I’ve been reading Packaging Girlhood by Sharon Lamb and Lyn Mikel Brown. The book shows the impact of female-targeted marketing on society and women’s self-perception as a result.

One of the common stereotypes portrayed in the media is the “cool” girl. This girl is into “boy” things, like video games, sports, or comic books. In a sitcom, this girl always has a snappy come back or a witty one-liner, and acts tough but remains cute. This stereotype shuns “traditional” things deemed feminine, such as the color pink, flowers and stuffed animals in favor of something more sporty. This girl has an independent attitude and, to borrow Ja Rule’s parlance, is a “down ass chick.” Girls not into Princess Barbie use this person as a role model.

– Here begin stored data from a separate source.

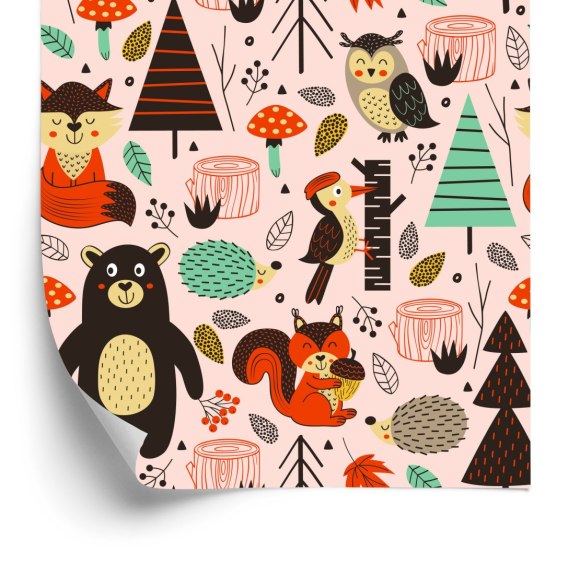 Tapeta Dla Dzieci - Leśne Zwierzątka W Stylu Skandynawskim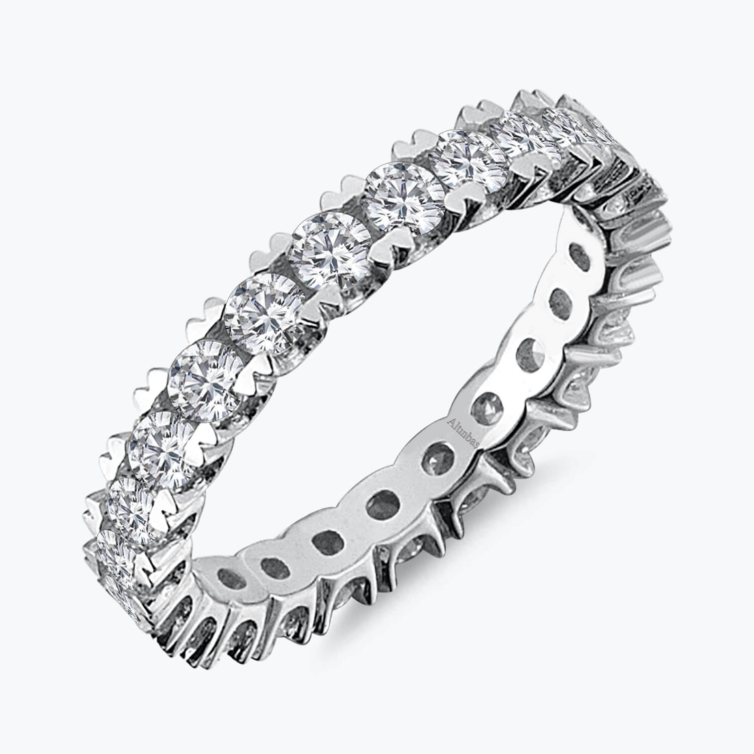 Introducing the Eternity Gold Ring from Altınbaş Jewelry, a piece that is the epitome of timeless elegance and sophistication. Crafted from 14K white gold, this ring is not just a piece of jewelry but a token of infinite beauty that adds a touch of luxury to any ensemble. The captivating allure of gold is magnificently captured in this ring, making it a must-have for any woman's jewelry collection. The ring is adorned with a band of round cubic zirconia, each meticulously set to capture and reflect light, creating a dazzling display that is sure to catch the eye. The design of this Eternity Gold Ring is inspired by the concept of an infinite cycle of beauty. The continuous circle of cubic zirconia symbolizes an unending journey, making it a perfect representation of a shared future. It's more than a ring; it's a promise of everlasting love and commitment. The Eternity Gold Ring from Altınbaş Jewelry is not just a piece of jewelry, it's a piece of art that effortlessly combines tradition with modern elegance. The 14K white gold setting enhances the brilliance of the cubic zirconia, creating a stunning contrast that is both sophisticated and striking. Whether it's for an anniversary, a special occasion, or just because, this Eternity Gold Ring is the perfect gift to express your eternal love. It's an exquisite piece that is sure to be cherished for a lifetime. Choose the Eternity Gold Ring from Altınbaş Jewelry, a ring that depicts timeless elegance and sophistication, and let it be the symbol of your infinite love story.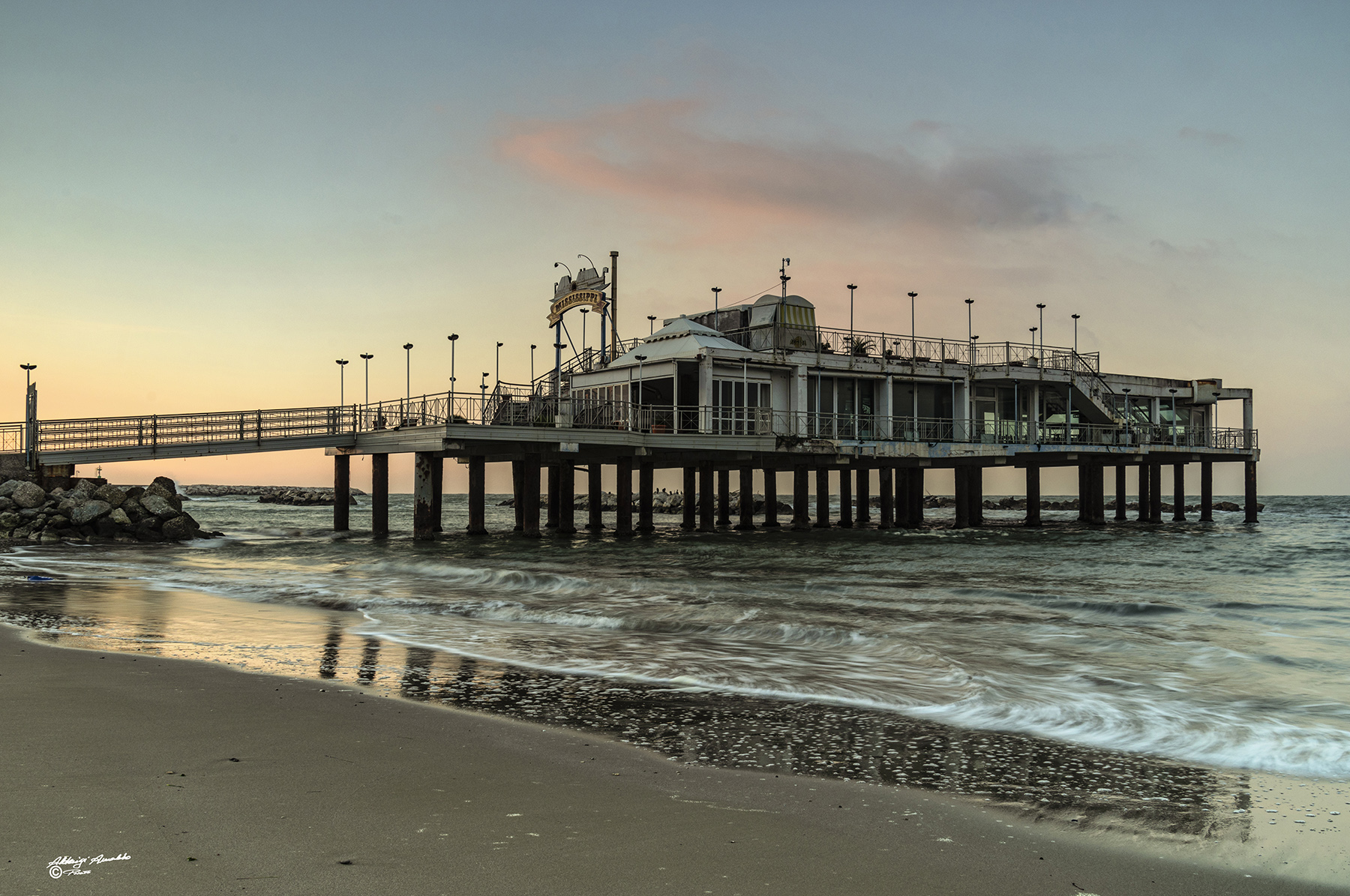 Il Mississippi, storico locale in mezzo al mare lungo il litorale di Gabicce mare PU. Il locale, edificato nel 1959 su palafitte e meta del jet set negli anni ’60 e ’70, versa oggi in avanzato stato di degrado. Si dice Entro il 2021 Gabicce Mare riavrà il Mississippi.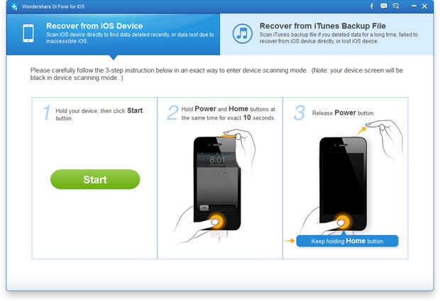 Para los usuarios de iPhone 4s/5/5s / 5c, usted puede hacer clic en el "Start Scan" directamente para explorar tu iphone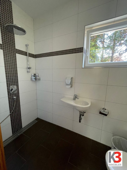 Vom PKW Stellplatz (in einem umzäunten Privatareal), wo sich auch eine E-Ladesäule befindet, gelangen sie über einen eigenen Zugang / Treppe in das 1.OG wo sich das "BÜRO & WOHNEN" befindet.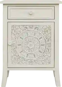 This end table is a signature piece for coastal and bohemian-eclectic styles. The soft white wash finish mimics the look of sun-bleached driftwood, while the intricate circular carvings on the door add a handcrafted, artisanal touch. Based on our design expertise, we recommend pairing it with natural textures like jute rugs or blue-toned accent pillows to enhance the relaxed, breezy atmosphere of a seaside-inspired home.
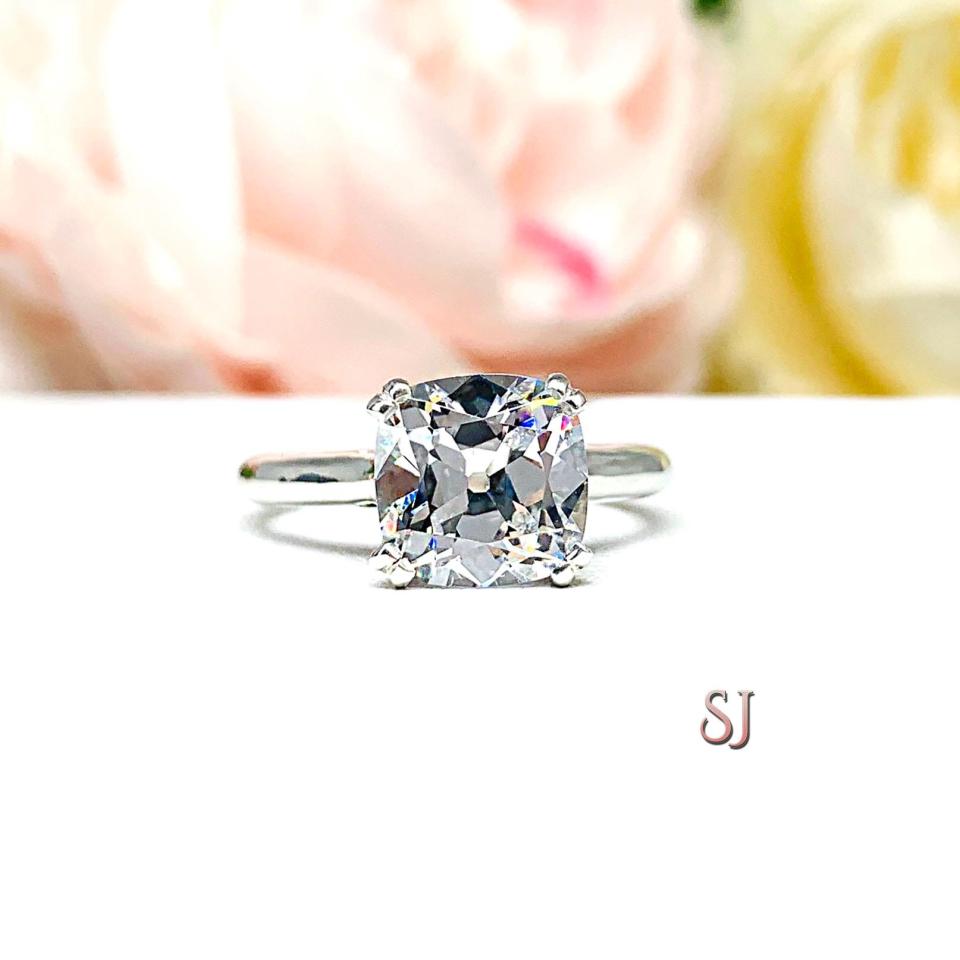 Old Mine Cut 8mm CZ Split Prong Engagement Ring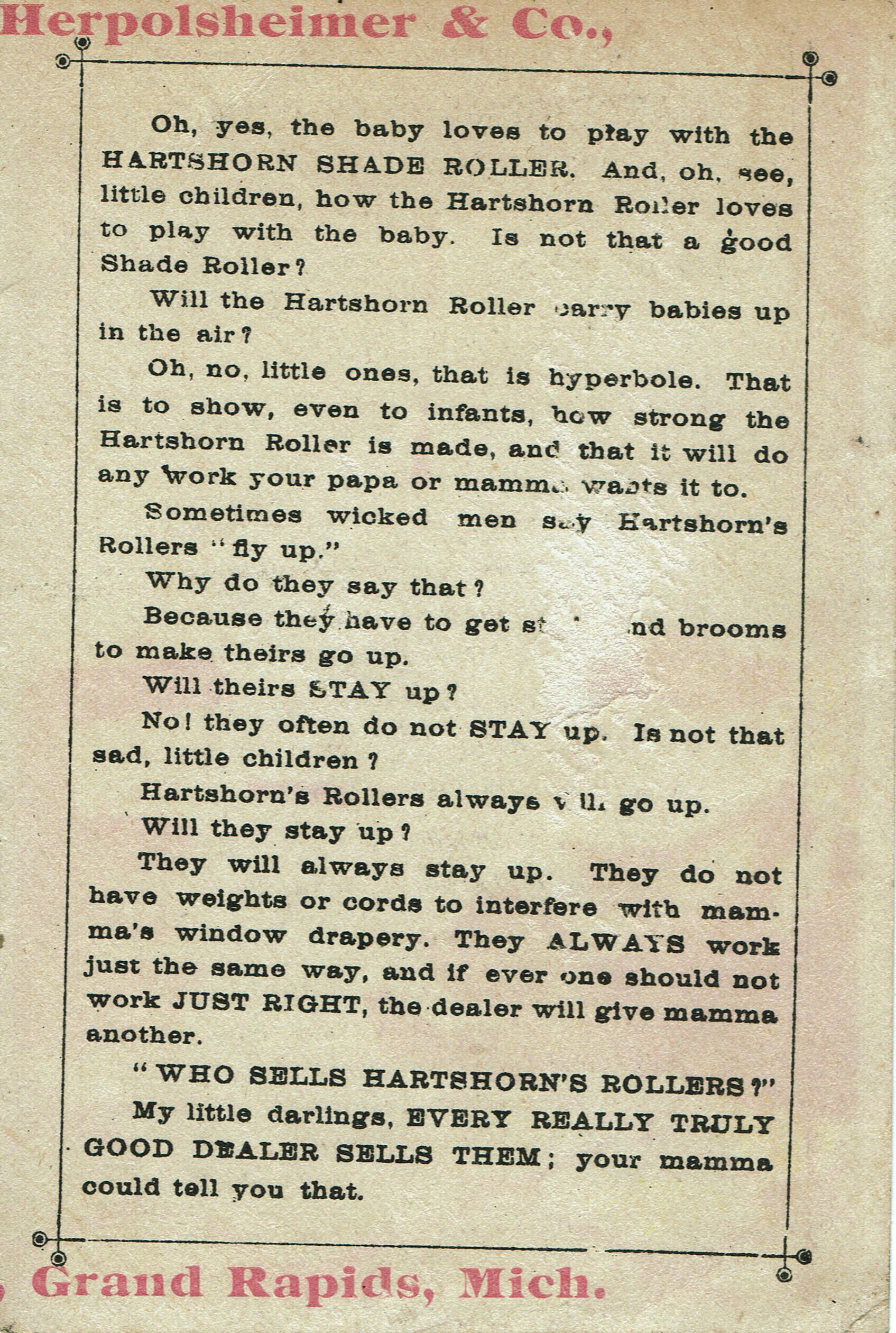 Hartshorn Shade Roller Advertising CardEntry/Object ID

But with this identity comes a certain preconception. The “cool” girl gives up her feminine side by trying to distance herself from common girl activities, such as shopping or putting on makeup. The pre-packaged cool girl isn’t the free spirit we think she is. By shunning all things feminine she states that women must give up their softer side to achieve “cool.” The media doesn’t show a balance between punk rock chick and sorority sister, the independent thinker and the stereotype. It’s one or the other.

The book describes several instances where this rings true. In the interest of me getting to bed at a decent hour, I will refer you to page 61 of the book (it’s a good read. A used copy only runs $5 before shipping).

What I find interesting is how this sexism has affected me. Years of admiring the spunky television starlet has convinced me to seek out the “down ass chick.” I tend to like people that go against the norm, ones that fight against roles established by society. I always thought that my interest in these girls was a result of my hipster sympathies and a bit of admiration for strong-willed individuals. In actuality, it’s probably because Lady Jaye on G.I. Joe impressed me as she beat on Cobra Vipers only to turn around and make out with Flint and Punky Brewster was the perfect balance of cute and free spirit.

My response to this branding is almost Pavlovian. By falling for a certain look and being into interests associated with the “cool” girl stereotype, I can be categorized and targeted by marketers. Some suit in a room must be really proud of him or herself right now. The anti-corporation belief system I’ve been fed is actually a cash swindle on behalf of consumerism. I’m part of an audience that beliefs itself immune to the influence of marketing departments. I buy the products that suggest I’m different, read the magazines that tell me how to do things differently, and my Apple iPod suggests that I “think different.” I always thought I was pretty market savvy and didn’t buy into the hype, but I’ve come to find that commercialism’s influence runs very deep. Scary, huh?